I've been on a bit of a pity party. Those are no fun, and no one ever wants to join in with you. And what is so hard, sometimes its really hard to get off of the pity party merry-go-cycle.
This morning when I got up, I weighed myself. It is not my weigh-in day but I do weigh-in a few times a week to get an idea of how things are going. I was aggervated because the scale started moving up. I already had a gain last week, and I don't want another repeat.
I asked myself what is going on, where am I slacking at. Well for one, yesterday was a really difficult day. What did I do but dive back into old habits of feeding my emotions, and I didn't track at all yesterday. That is a bad combo.
Another thing I haven't been doing is getting all my water in. I don't know why but I did really good for the first few weeks getting all my water in, and then the last 2 weeks have been hard getting water down. It's not that I don't like water because I do.

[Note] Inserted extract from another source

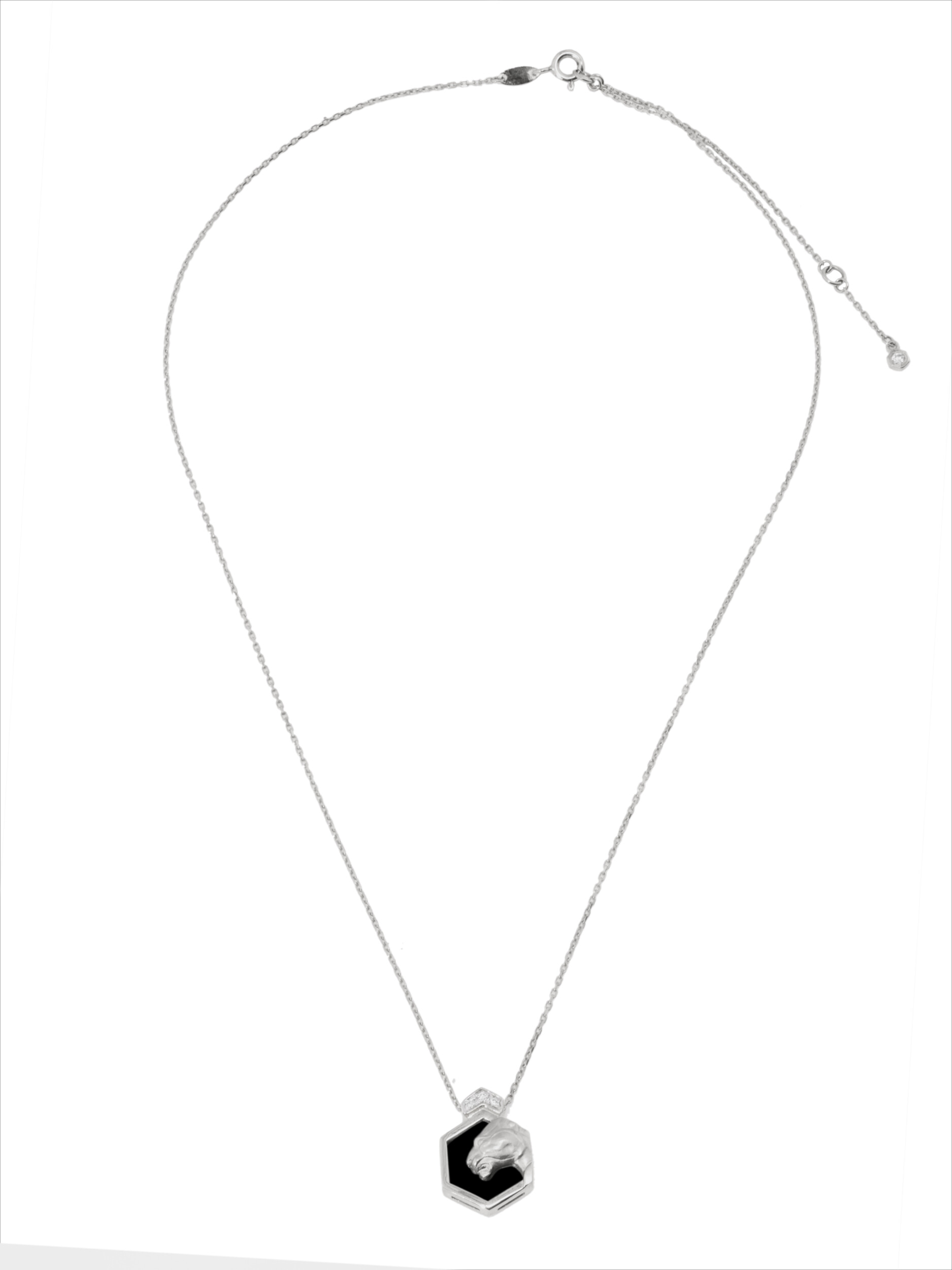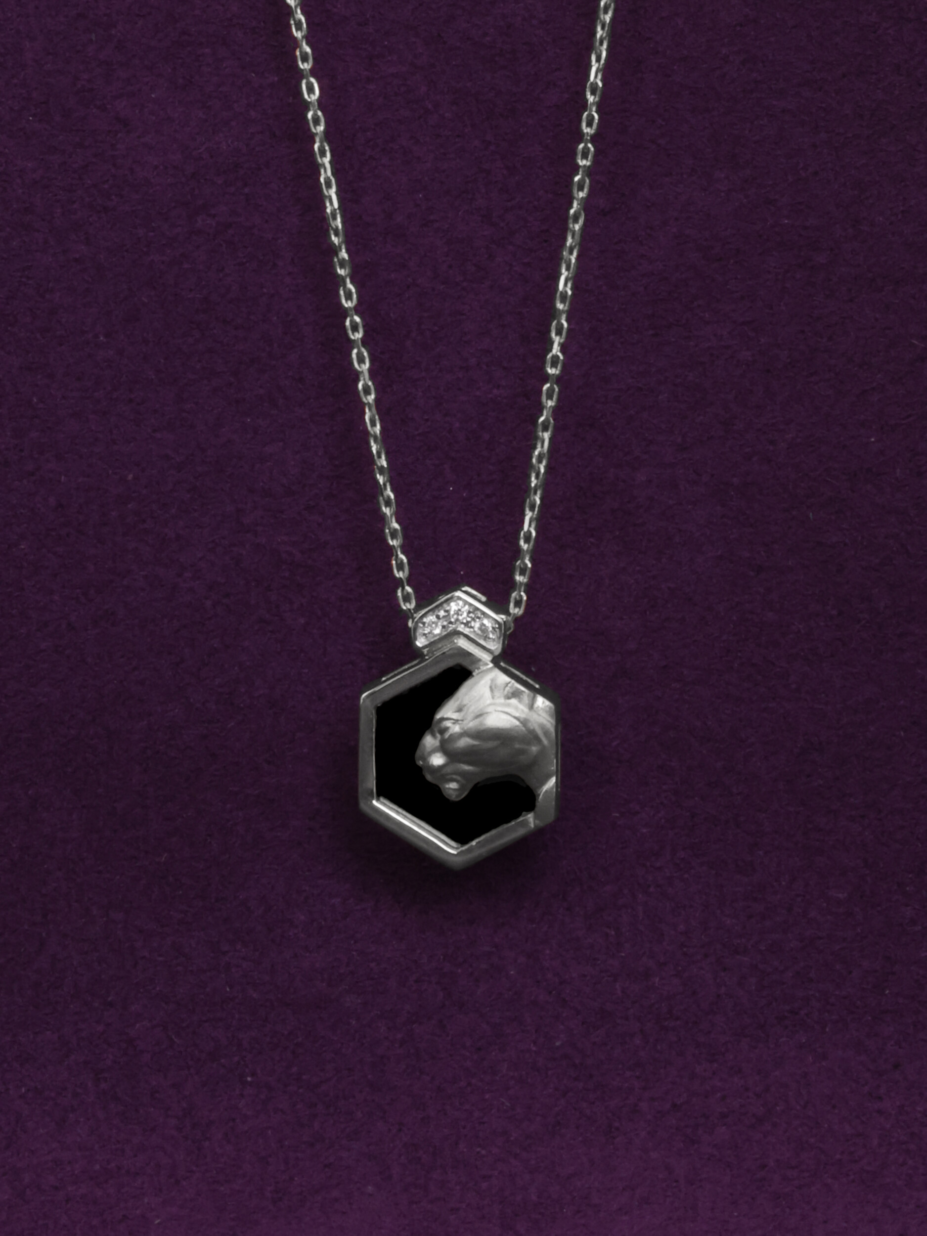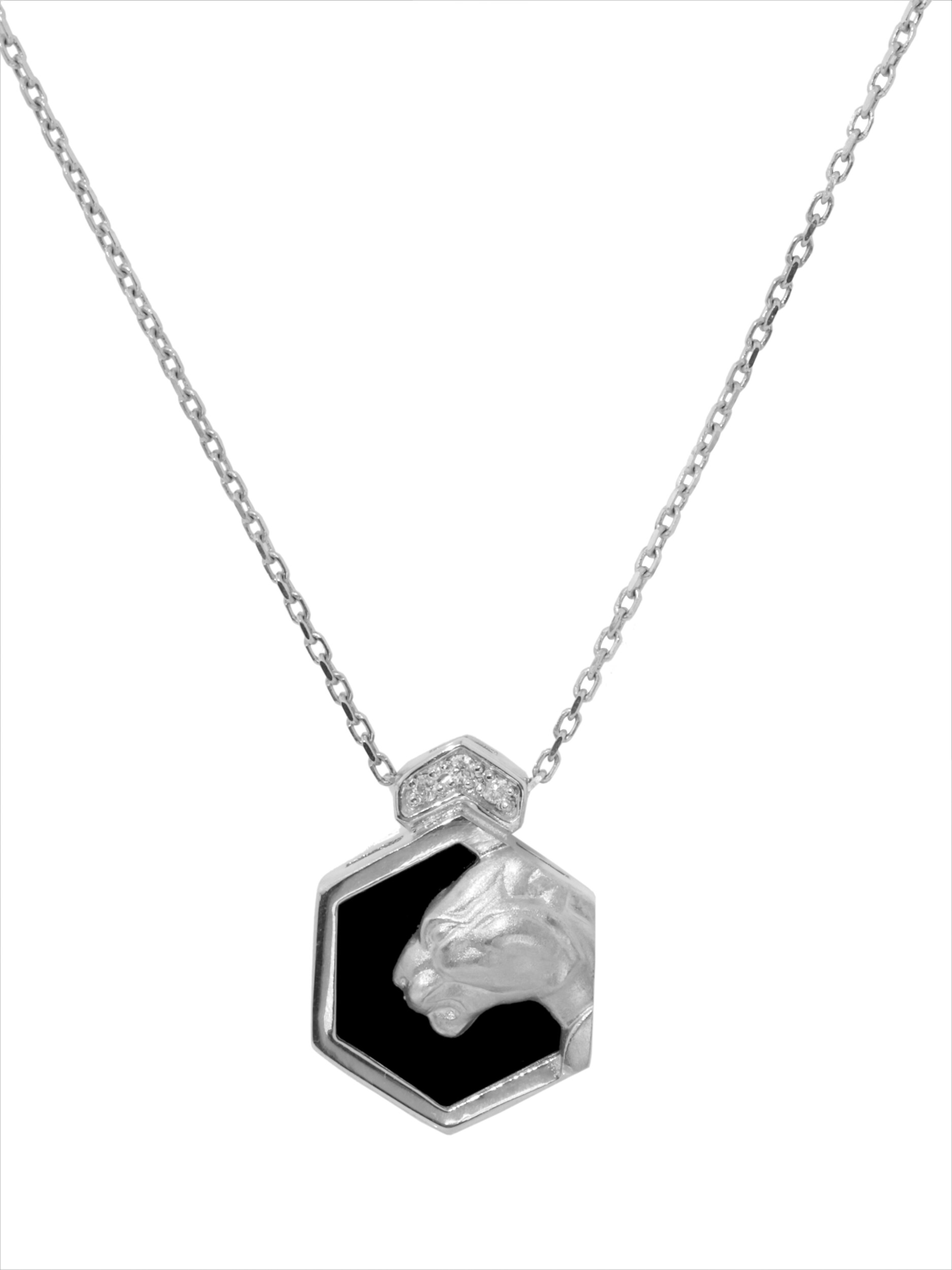 Элегантное колье из белого золота 585 пробы из коллекции De Luxe — Гексагон станет безупречным акцентом в вашем образе. Дизайн украшения воплощает грацию и силу: центральным элементом выступает выразительный силуэт пантеры, выполненный с ювелирной точностью. Геометрическая форма подвески-шестигранника придает изделию современный и динамичный вид, сочетая в себе строгость линий и роскошь материалов.

Something else is that I have not been exercising. I did attempt to exercise a couple weeks ago, and actually did good that week but after that, I lost steam in my motivation engine. I didn't exercise at all last week, and this week was headed down that same path.
So looking at the 3 things that probably did not help, I realize that those 3 things of not doing have helped the scale to start moving upwards. This is not what I want to keep struggling with all my life. I want victory over this.
So today, I went back to what I did when I first started on my weightloss journey, and started reading some blogs. That is always motivational to read other people's thoughts about what is going on in their world, and how they are doing on their journey.
Another thing I thought about was how much I want to run. That is a dream that used to be a reality that got lost some where among the yucks of life. I want to get back to that place of being able to run. Its been over 20yrs since I ran. When I was running I was running 4 miles each time. I soooo much want to get back to that place. The feeling that comes with running is just amazing, it helps to clear your thoughts, helps the endorphines to get going, and gives you an umphhhh that sometimes get you past the yucks.
I came across a youtube video that another sparker had posted, and it just blew me away. www.youtube.com/watch?v=
After watching that, I thought if this guy can do it, then so can I. I have a lot of weight to lose. I don't want that if I only lose "X" pounds then I can start running to be my excuse for why I haven't started yet.
So today, I got off my duff and went for my walk. But this time I decided I wasn't just going to walk, I was going to add some jogging in with it. I probably looked horrid doing this but I don't care. I'm tired of my excuses of why I can't. I did a brisk walk for the first 5 min, and then I did intervals of jogging for 10 secs then walking 20 secs. I only did 4/10 of a mile since that it is 2/10 one way to the nearest stop sign from my house.
When I finished, I felt soooo good. I probably looked funny out there because this is a mass of body but I don't care. It takes me usually 9-10 mins to walk this but today I did my 4/10 in 8min and 29secs. YAYYYY.
My plan is to continue this 3x/wk, and when I get to the place its not such a struggle, I'm going to add in another 4/10. I hope to eventually get to the place where I can do 4 miles again but I know this will take time. I didn't get to the weight I am in one day, nor will I get to the place of 4 miles in one day either. I am determined to do this.